◆ **Exercise objective**
Each line below must be reproduced exactly, though the pictures are to be dropped.

◆ **Data section**
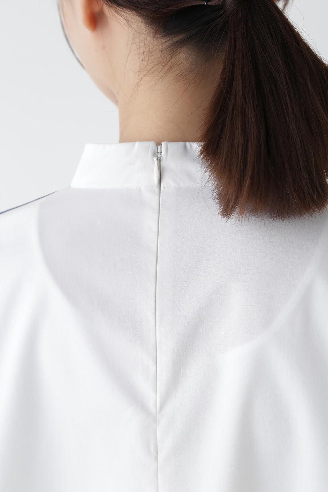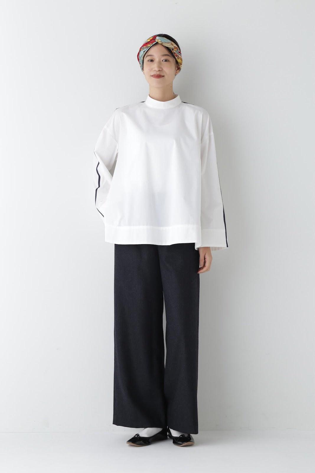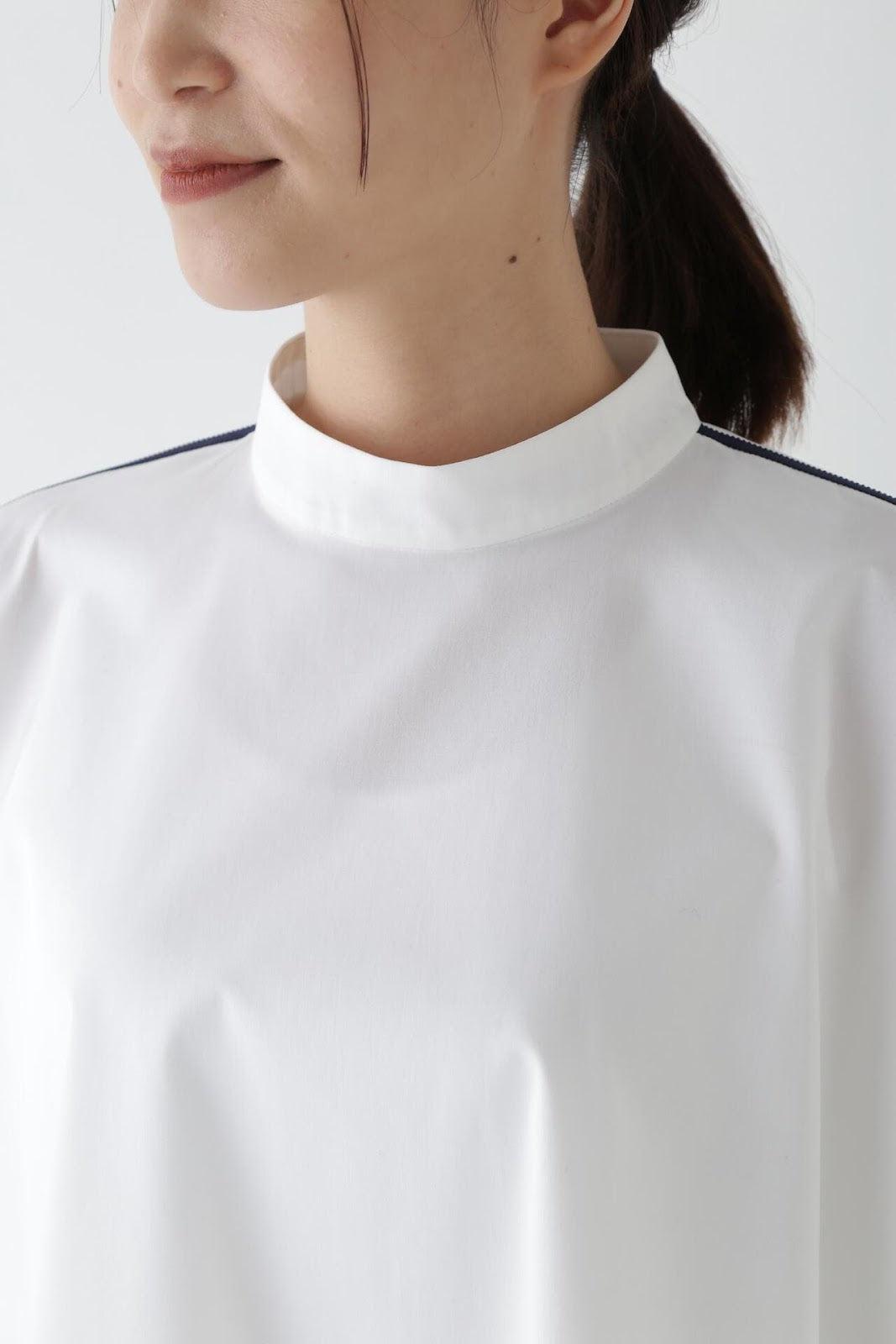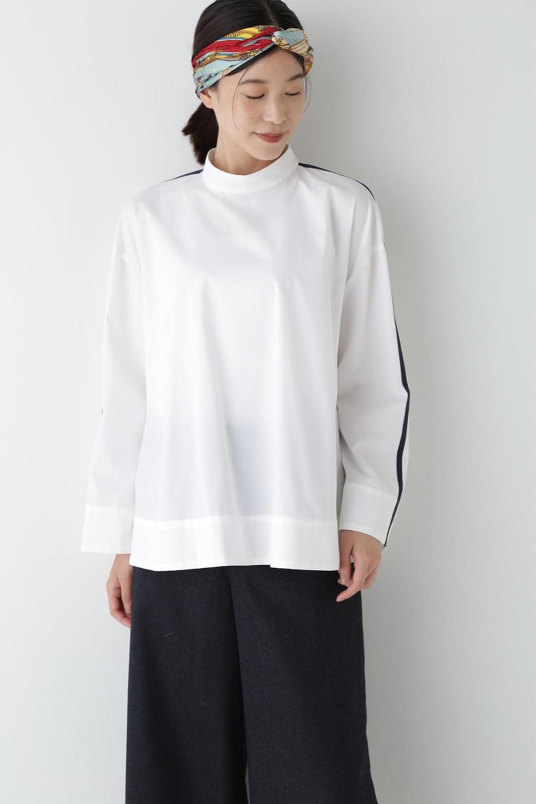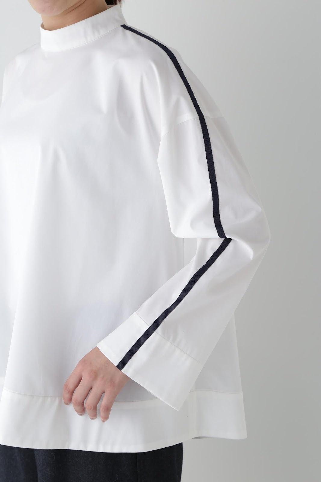 立領襯衫,線條醒目 [設計特色] 這是一款立領襯衫。從肩部到袖子的羅緞織帶線條使這款襯衫呈現出醒目的喇叭形輪廓。上衣採用滌綸混紡面料,抗皺性強,軟硬適中,材質美觀。建議搭配】上衣略長,建議外出時搭配衣服穿著。搭配修身或半寬鬆長褲都很合適。
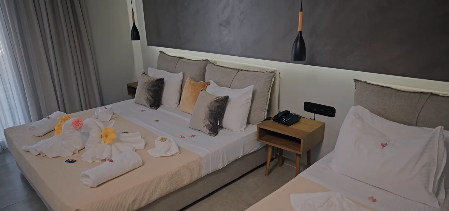 Βρίσκονται στο ισόγειο τμήμα του ξενοδοχείου και μπορούν να φιλοξενήσουν από 1 έως 3 άτομα.
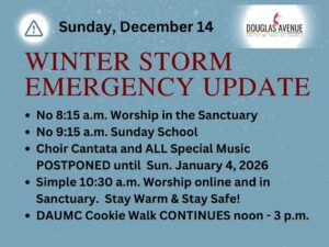 For more information, contact the church office at (217) 546-4631 or daumc@douglasavenue.org
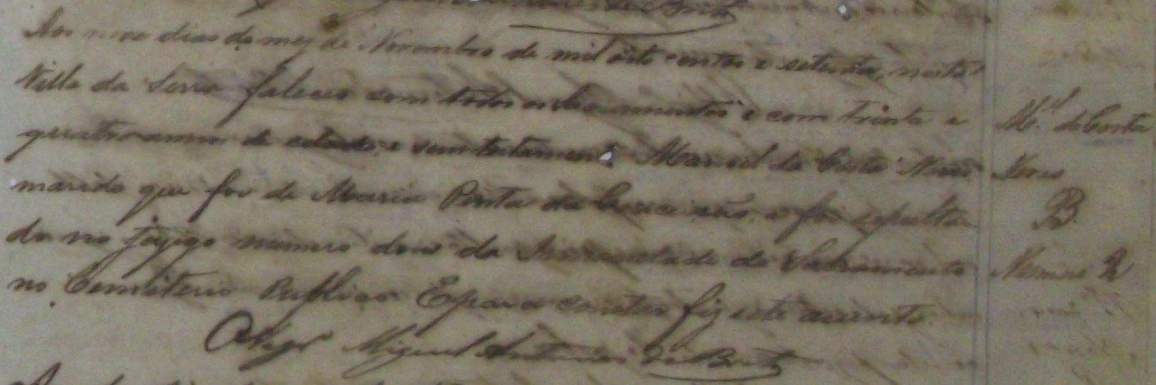 Manoel da Costa Neves faleceu no dia 09/11/1870, na Villa da serra-ES, con 34 anos de idade

◆ **Completed exercise**
 立領襯衫,線條醒目 [設計特色] 這是一款立領襯衫。從肩部到袖子的羅緞織帶線條使這款襯衫呈現出醒目的喇叭形輪廓。上衣採用滌綸混紡面料,抗皺性強,軟硬適中,材質美觀。建議搭配】上衣略長,建議外出時搭配衣服穿著。搭配修身或半寬鬆長褲都很合適。
 Βρίσκονται στο ισόγειο τμήμα του ξενοδοχείου και μπορούν να φιλοξενήσουν από 1 έως 3 άτομα.
 For more information, contact the church office at (217) 546-4631 or daumc@douglasavenue.org
 Manoel da Costa Neves faleceu no dia 09/11/1870, na Villa da serra-ES, con 34 anos de idade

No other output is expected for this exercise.